Not all projects shown here are genuine complex networks, in the sense that they aren’t necessarily at the edge of chaos, or show an irregular and systematic degree of connectivity. However, the projects that apparently skip this class were chosen for two important reasons. They either provide advancement in terms of visual depiction techniques/methods or show conceptual uniqueness and originality in the choice of a subject. Nevertheless, all projects have one trait in common: the whole is always more than the sum of its parts.

Complexity is a challenge by itself. Complex Networks are everywhere. It is a structural and organizational principle that reaches almost every field we can think of, from genes to power systems, from food webs to market shares. Paraphrasing Albert Barabasi, one of the leading researchers in this area, “the mistery of life begins with the intricate web of interactions, integrating the millions of molecules within each organism”. Humans, since their birth, experience the effect of networks every day, from large complex systems like transportation routes and communication networks, to less conscious interactions, common in social networks.

Scale-Free networks, one of the most common topology in either natural or human systems, is curiously enough, a very recent breakthrough. Since its discovery, in 1999, dozens of researchers worldwide have been disentangling the networks around us at an amazing rate. This awareness is helping us understand not only the world around us but also the most intricate web of interactions that shape the human body. The global effort of constructing a general theory of complexity is tremendous and may lead us, not only to a structural understanding of networks, but to major improvements in stability, robustness and security of most complex systems around the globe. Like Barabasi refers in Linked, “Once we stumble across the right vision of complexity, it will take little to bring it to fruition. When that will happen is one of the mysteries that keeps many of us going”.

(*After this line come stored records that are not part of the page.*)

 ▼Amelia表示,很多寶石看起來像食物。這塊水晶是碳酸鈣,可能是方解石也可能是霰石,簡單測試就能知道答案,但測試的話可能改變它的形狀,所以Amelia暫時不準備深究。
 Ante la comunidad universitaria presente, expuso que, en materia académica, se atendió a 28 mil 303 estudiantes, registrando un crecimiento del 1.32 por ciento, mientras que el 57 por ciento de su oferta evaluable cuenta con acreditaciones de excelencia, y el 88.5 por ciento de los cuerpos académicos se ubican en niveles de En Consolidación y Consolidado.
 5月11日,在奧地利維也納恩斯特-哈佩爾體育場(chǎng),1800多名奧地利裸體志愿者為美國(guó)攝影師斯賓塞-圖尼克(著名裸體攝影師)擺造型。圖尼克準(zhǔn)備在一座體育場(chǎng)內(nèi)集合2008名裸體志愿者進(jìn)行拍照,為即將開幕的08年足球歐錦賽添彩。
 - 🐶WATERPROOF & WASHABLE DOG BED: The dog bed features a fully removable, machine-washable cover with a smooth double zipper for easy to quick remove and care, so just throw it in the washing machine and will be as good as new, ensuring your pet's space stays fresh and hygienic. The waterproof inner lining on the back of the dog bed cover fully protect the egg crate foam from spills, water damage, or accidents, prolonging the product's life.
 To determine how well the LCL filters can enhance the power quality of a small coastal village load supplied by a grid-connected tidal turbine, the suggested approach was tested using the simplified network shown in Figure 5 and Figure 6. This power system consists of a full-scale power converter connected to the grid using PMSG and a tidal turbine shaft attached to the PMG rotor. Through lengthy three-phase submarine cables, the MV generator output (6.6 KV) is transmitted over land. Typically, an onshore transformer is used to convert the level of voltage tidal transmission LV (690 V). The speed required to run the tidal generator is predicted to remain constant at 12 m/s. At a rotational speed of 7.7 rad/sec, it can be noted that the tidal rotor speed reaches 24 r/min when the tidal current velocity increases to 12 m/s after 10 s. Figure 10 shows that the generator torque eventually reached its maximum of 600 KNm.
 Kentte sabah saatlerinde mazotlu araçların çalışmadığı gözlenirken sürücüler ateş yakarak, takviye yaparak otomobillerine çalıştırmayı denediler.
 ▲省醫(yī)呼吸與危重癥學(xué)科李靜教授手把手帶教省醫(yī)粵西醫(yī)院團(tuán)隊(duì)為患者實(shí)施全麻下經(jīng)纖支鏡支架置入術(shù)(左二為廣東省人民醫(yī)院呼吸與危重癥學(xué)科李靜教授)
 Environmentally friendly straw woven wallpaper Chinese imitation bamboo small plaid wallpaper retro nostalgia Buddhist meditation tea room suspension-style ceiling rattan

Manuel Lima was born in the Azores, Portugal, in May 1978. In 2002 he completed a 6 year degree in Industrial Design at the Faculty of Architecture - UTL Lisbon and finished a 7 month internship at the design firm Kontrapunkt, in Copenhagen, Denmark. Currently living in New York, Manuel is a recent MFA graduate from the Design+Technology program at Parsons School of Design. For this purpose he received scholarships from Calouste Gulbenkian Foundation, the Luso-American Foundation and a Dean's scholarship from Parsons School of Design.

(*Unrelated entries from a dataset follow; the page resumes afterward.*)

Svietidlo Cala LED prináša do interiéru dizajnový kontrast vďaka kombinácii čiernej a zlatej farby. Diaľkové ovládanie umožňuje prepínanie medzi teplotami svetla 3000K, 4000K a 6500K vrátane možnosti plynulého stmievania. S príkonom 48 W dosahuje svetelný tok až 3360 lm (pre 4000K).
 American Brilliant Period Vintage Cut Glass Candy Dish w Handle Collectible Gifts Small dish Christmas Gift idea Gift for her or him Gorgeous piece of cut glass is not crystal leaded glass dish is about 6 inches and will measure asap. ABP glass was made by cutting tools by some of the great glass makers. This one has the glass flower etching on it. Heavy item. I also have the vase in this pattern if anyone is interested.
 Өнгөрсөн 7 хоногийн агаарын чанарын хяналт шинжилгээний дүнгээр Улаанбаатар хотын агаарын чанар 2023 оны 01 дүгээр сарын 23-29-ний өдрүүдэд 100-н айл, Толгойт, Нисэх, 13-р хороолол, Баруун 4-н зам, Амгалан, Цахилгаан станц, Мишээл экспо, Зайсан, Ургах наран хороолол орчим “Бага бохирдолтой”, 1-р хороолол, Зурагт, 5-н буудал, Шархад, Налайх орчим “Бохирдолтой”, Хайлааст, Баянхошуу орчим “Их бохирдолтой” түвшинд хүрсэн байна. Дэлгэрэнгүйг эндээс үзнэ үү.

During the course of the MFA program Manuel was part of a Collaboration Studio with Siemens Corporate Research Center, worked for the American Museum of Moving Image and Parsons Institute for Information Mapping in research projects for the National Geo-Spatial Intelligence Agency. Manuel is currently working as an interaction designer at R/GA Interactive and teaches Information Design at Parsons Design+Management department.